# [WHAT TO DO]
Please return the lines below verbatim, beginning at the one that has "本次教研活动由初级汉语教研室" and stopping after the one that has "Cat Listening K-Pop", and add no other lines.

Records from a data source
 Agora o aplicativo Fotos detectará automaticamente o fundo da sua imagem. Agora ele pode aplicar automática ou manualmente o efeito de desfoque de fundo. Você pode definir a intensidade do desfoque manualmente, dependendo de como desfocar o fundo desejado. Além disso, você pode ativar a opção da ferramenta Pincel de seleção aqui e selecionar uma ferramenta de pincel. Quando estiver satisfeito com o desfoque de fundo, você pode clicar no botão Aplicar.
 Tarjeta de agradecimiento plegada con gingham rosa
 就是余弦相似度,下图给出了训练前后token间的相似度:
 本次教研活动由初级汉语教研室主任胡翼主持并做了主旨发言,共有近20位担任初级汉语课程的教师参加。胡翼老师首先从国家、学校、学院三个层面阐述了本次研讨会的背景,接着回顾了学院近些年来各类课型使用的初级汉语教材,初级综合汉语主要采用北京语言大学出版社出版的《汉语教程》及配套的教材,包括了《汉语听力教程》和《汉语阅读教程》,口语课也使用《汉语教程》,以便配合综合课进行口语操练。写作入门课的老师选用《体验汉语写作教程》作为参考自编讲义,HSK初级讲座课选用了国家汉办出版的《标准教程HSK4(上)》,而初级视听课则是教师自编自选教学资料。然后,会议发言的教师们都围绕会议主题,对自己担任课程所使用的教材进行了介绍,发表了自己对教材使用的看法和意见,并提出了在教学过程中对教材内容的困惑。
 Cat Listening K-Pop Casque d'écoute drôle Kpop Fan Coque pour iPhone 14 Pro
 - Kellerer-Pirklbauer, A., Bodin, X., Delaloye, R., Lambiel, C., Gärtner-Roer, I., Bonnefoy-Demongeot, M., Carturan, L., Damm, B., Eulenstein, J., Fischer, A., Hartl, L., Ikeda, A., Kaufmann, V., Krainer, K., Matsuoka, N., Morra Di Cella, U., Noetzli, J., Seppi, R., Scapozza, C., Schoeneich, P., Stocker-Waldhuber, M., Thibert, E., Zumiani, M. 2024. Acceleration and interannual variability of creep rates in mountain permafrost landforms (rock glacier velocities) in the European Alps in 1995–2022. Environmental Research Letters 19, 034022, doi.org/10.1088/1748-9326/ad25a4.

# [EXERCISE ANSWER]
 本次教研活动由初级汉语教研室主任胡翼主持并做了主旨发言,共有近20位担任初级汉语课程的教师参加。胡翼老师首先从国家、学校、学院三个层面阐述了本次研讨会的背景,接着回顾了学院近些年来各类课型使用的初级汉语教材,初级综合汉语主要采用北京语言大学出版社出版的《汉语教程》及配套的教材,包括了《汉语听力教程》和《汉语阅读教程》,口语课也使用《汉语教程》,以便配合综合课进行口语操练。写作入门课的老师选用《体验汉语写作教程》作为参考自编讲义,HSK初级讲座课选用了国家汉办出版的《标准教程HSK4(上)》,而初级视听课则是教师自编自选教学资料。然后,会议发言的教师们都围绕会议主题,对自己担任课程所使用的教材进行了介绍,发表了自己对教材使用的看法和意见,并提出了在教学过程中对教材内容的困惑。
 Cat Listening K-Pop Casque d'écoute drôle Kpop Fan Coque pour iPhone 14 Pro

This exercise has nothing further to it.